TASK TO CARRY OUT:
Return, word for word, the lines of the listing below from the one with "Sterilite Mini Crate, Stackable" through the one with "또한 이명덕 배우와 3개월", and no other lines.

RECORDED INFORMATION:
----
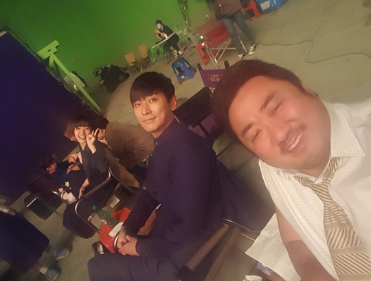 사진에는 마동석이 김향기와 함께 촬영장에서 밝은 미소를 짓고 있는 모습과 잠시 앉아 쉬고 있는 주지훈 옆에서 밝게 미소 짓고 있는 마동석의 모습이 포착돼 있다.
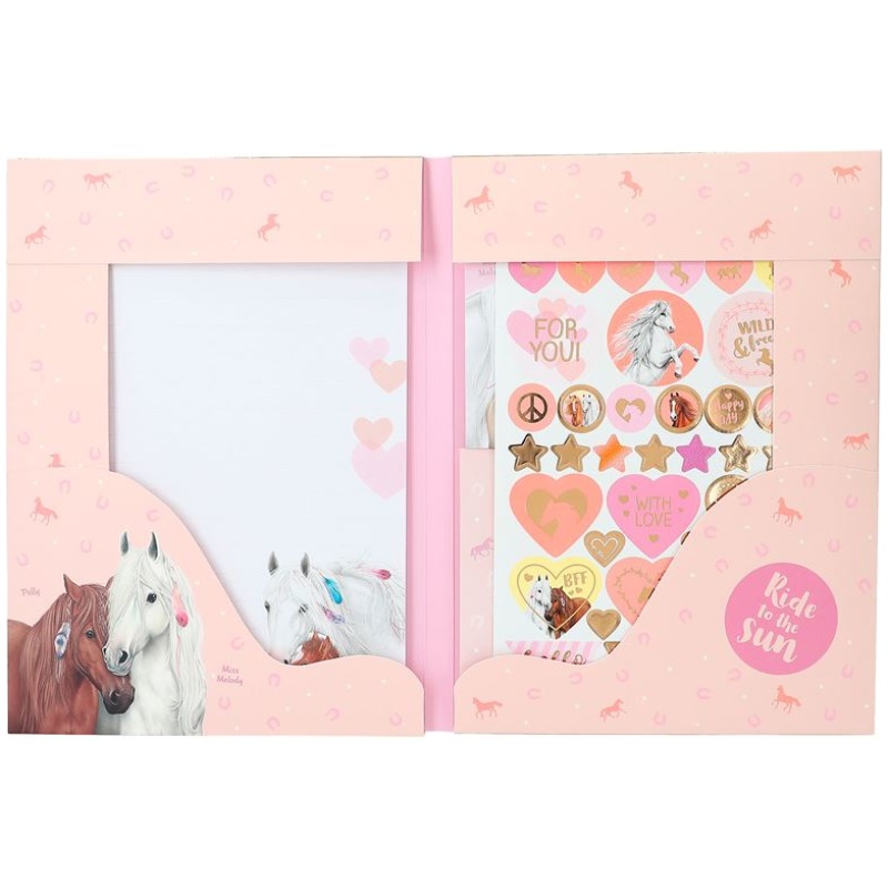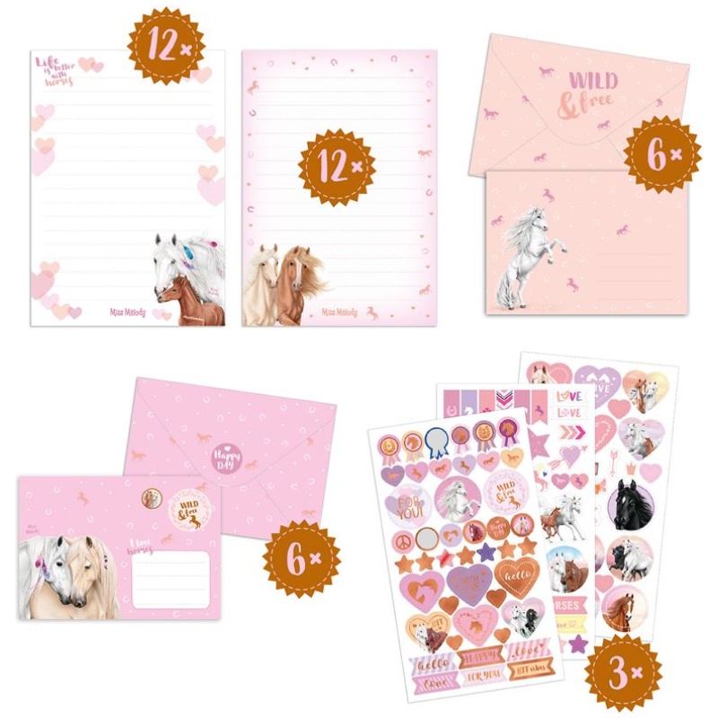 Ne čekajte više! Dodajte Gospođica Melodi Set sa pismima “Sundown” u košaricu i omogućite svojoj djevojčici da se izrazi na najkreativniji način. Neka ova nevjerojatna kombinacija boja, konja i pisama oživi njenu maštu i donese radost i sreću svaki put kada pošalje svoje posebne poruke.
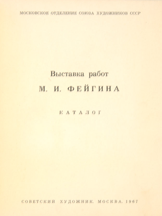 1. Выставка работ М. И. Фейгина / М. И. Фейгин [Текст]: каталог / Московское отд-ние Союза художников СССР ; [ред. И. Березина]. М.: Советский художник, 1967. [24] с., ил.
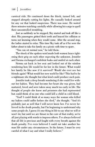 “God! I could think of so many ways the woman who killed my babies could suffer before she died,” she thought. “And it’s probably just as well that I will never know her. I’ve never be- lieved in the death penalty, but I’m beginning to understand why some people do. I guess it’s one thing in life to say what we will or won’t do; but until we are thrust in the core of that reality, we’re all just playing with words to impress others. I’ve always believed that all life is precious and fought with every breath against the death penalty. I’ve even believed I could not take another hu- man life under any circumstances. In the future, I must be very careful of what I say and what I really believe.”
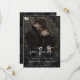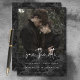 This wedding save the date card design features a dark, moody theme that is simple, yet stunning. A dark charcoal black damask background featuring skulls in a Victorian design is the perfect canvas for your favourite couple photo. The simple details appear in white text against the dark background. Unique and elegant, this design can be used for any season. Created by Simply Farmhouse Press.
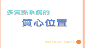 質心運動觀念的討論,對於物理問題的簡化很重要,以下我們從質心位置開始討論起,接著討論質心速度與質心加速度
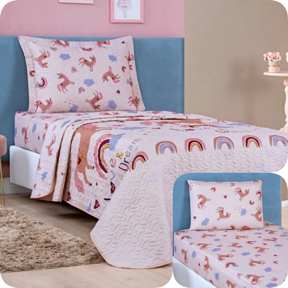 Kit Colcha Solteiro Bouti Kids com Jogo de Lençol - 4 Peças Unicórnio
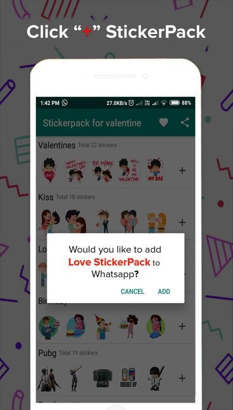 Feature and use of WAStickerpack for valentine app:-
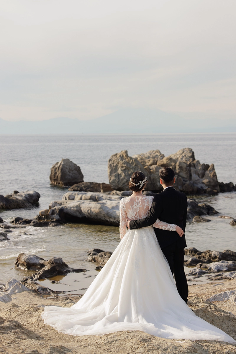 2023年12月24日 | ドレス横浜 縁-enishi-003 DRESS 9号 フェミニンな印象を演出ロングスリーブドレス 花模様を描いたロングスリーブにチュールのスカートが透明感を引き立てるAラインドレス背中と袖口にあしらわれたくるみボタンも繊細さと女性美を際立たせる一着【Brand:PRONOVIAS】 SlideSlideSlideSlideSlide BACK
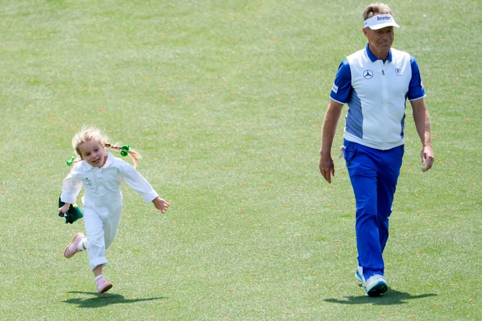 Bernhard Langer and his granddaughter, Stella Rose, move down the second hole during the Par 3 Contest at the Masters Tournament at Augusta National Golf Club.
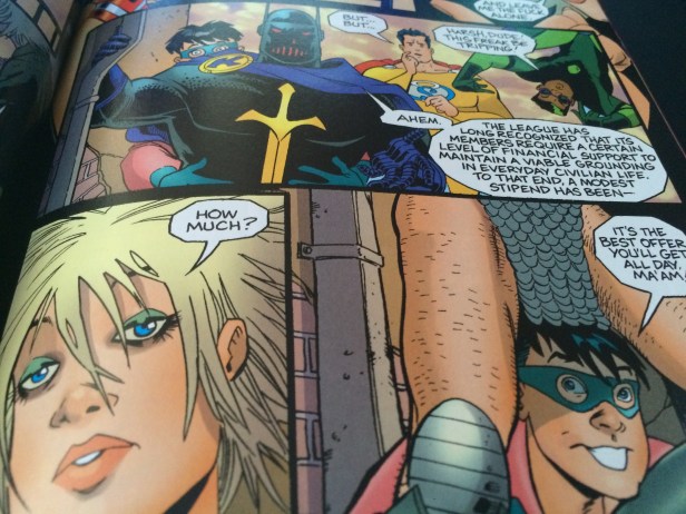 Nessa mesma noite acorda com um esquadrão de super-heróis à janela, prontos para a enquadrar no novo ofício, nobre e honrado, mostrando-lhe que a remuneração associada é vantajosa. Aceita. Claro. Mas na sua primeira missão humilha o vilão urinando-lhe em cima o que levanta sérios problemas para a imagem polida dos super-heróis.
----
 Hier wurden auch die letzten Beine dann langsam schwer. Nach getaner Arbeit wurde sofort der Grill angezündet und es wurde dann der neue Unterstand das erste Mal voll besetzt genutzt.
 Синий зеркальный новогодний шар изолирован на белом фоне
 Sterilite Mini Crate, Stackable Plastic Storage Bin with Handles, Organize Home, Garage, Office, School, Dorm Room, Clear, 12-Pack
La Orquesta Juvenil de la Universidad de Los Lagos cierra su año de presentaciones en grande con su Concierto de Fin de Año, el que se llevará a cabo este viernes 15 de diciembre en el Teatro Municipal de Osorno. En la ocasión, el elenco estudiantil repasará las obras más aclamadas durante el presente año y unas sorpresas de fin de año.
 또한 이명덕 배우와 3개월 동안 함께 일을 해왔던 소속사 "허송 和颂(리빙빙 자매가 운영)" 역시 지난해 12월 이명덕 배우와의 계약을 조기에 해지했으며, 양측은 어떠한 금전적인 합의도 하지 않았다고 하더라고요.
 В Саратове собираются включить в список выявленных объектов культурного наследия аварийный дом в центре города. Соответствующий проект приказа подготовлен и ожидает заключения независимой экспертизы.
----
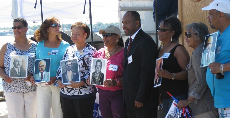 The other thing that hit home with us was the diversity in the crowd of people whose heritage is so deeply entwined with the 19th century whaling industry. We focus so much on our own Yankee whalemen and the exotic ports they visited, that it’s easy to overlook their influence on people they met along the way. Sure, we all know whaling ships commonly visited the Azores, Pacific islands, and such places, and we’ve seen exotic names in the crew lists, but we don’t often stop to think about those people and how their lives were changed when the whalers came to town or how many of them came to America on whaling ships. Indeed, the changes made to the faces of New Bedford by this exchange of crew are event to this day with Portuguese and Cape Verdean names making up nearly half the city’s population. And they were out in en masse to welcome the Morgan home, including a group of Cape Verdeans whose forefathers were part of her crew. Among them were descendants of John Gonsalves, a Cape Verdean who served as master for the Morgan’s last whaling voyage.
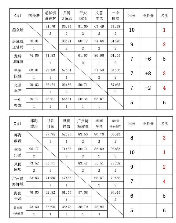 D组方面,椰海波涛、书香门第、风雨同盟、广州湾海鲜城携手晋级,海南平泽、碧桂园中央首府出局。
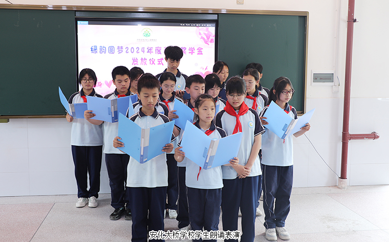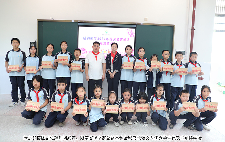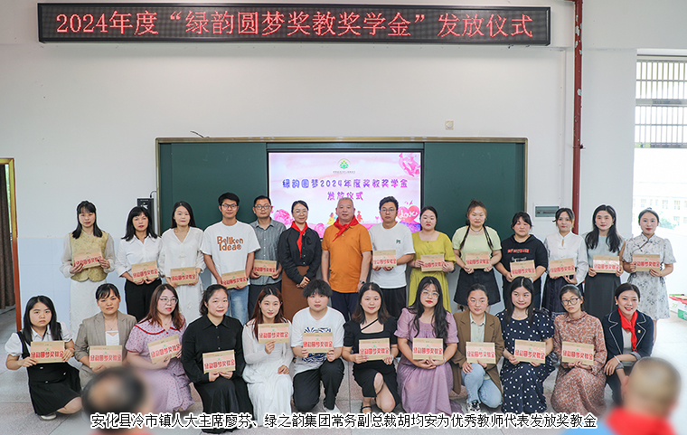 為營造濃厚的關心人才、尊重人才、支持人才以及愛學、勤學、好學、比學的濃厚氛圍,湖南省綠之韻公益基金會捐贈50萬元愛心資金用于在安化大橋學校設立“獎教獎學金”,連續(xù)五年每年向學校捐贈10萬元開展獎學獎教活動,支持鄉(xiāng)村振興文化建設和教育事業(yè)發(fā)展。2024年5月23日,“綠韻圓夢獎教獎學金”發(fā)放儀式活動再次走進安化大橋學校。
----
WRITTEN ANSWER:
 Sterilite Mini Crate, Stackable Plastic Storage Bin with Handles, Organize Home, Garage, Office, School, Dorm Room, Clear, 12-Pack
La Orquesta Juvenil de la Universidad de Los Lagos cierra su año de presentaciones en grande con su Concierto de Fin de Año, el que se llevará a cabo este viernes 15 de diciembre en el Teatro Municipal de Osorno. En la ocasión, el elenco estudiantil repasará las obras más aclamadas durante el presente año y unas sorpresas de fin de año.
 또한 이명덕 배우와 3개월 동안 함께 일을 해왔던 소속사 "허송 和颂(리빙빙 자매가 운영)" 역시 지난해 12월 이명덕 배우와의 계약을 조기에 해지했으며, 양측은 어떠한 금전적인 합의도 하지 않았다고 하더라고요.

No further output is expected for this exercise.